There is little easily accessible data for overseas accidents; however, there are UK figures relating to home and leisure accidents. The Department of Trade and Industry publishes Working for a Safer World; the latest edition is the 23rd annual report of the Home and Leisure Surveillance system for the year 1999. A total of 1164 children aged 0–14 years with swimming pool related injuries presented to the 18 hospitals which comprise the study group of A&E departments involved in the data collection. From this data it was extrapolated that there were 21 692 children out of a total of 25 404 patients who attended UK A&E departments owing to such injuries for that year. This suggests that there are a large number of swimming pool associated accidents in the UK, a country where the regulation of safety standards is high.

The Consumer’s Association survey did find a large number of overseas swimming pools to be unsafe (reported at It also found that on average eight children drown every year in pools while abroad.

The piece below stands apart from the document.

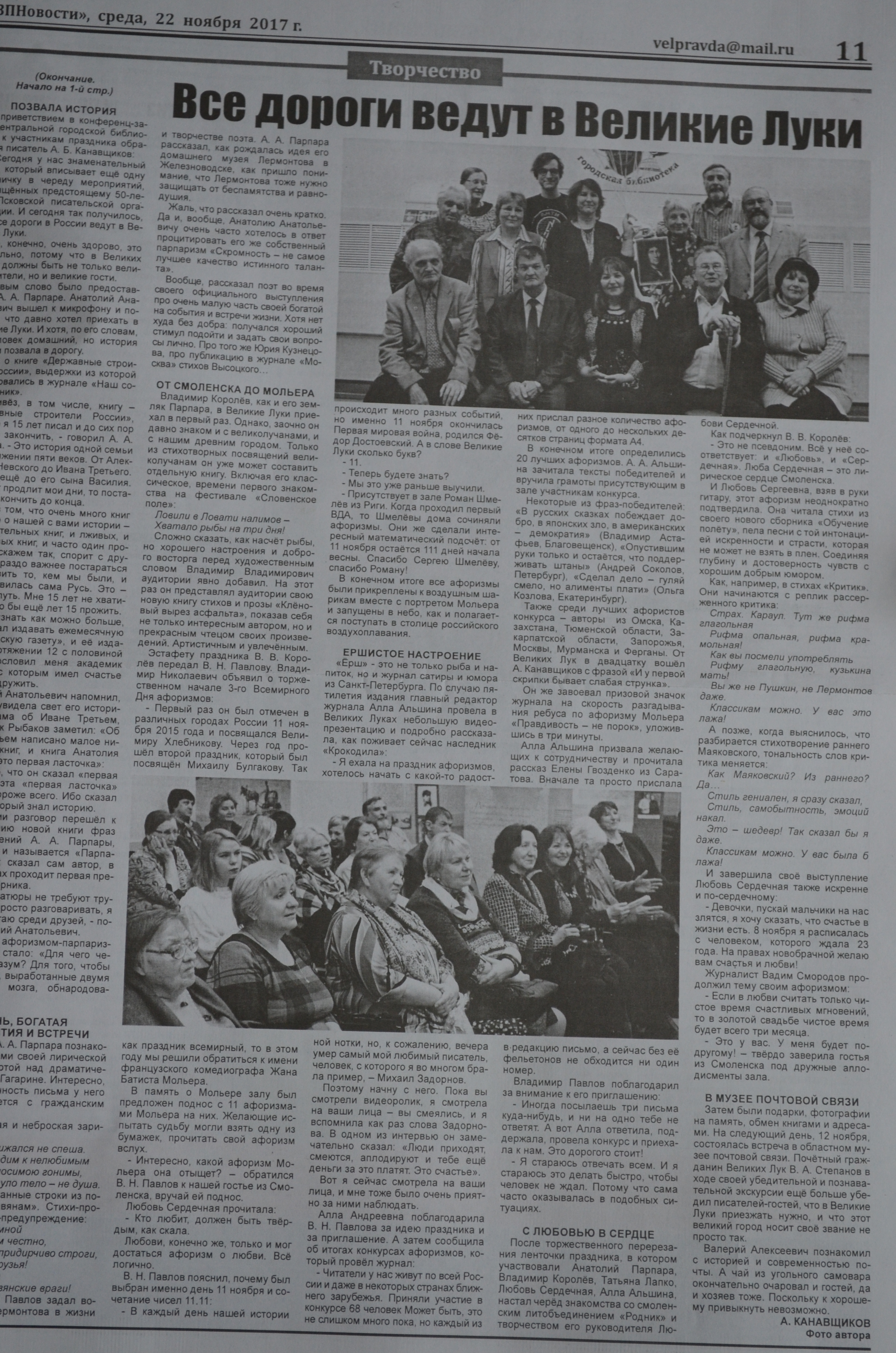 22.11.2017. Газета «Великолукская правда». Все дороги ведут в Великие Луки (о III ВДА).

The Federation of Tour Operators (FTO) has a voluntary membership and is active in lobbying governments as well as local tourist authorities relating to safety standards. They produce a health and safety handbook which is directed towards informing tour operators and helping them to improve the standards in the accommodation that they book for their clients.

All English and Welsh tour operators are subject to the Package Travel Regulation which was made law on 1 January 1993; this states that the tour operators are responsible for the safety of their customers. The FTO point out that half of the people who go abroad do so independently of tour operators, hence safety cannot be guaranteed for all travellers.

The Association of British Travel Agents (ABTA) is the trade association for tour operators and travel agents; not all of its members are joined to the FTO, however. It has 800 tour operators and 6700 travel agency offices, being responsible for the sale of 80% of UK sold holidays.

The authors chose 42 tour operators which, as can be seen, is a small sample, and did not make it clear as to whom they interviewed. There may be a very different response from questioning an office bound worker responsible for booking a holiday compared with a tour operator representative whose job is to ensure the accommodation for their clients is safe. The poor response is, however, worrying and the key principles of injury prevention, namely education, legislation, and enforcement of safety standards need to be applied by both members and non-members of FTO. The collection of data is vital in order to affect change and to show that preventive strategies are effective. This should be available for all to see and not be regarded as commercial information.

This paper raises an important concern about severe injury arising from poor safety standards, and given the large number of patients in the UK with swimming pool related injuries (and a largely unknown number from people going abroad, albeit with a noticeable annual death toll among children), it stimulates thought about how to prevent injury, and so allow for a happy holiday to be had!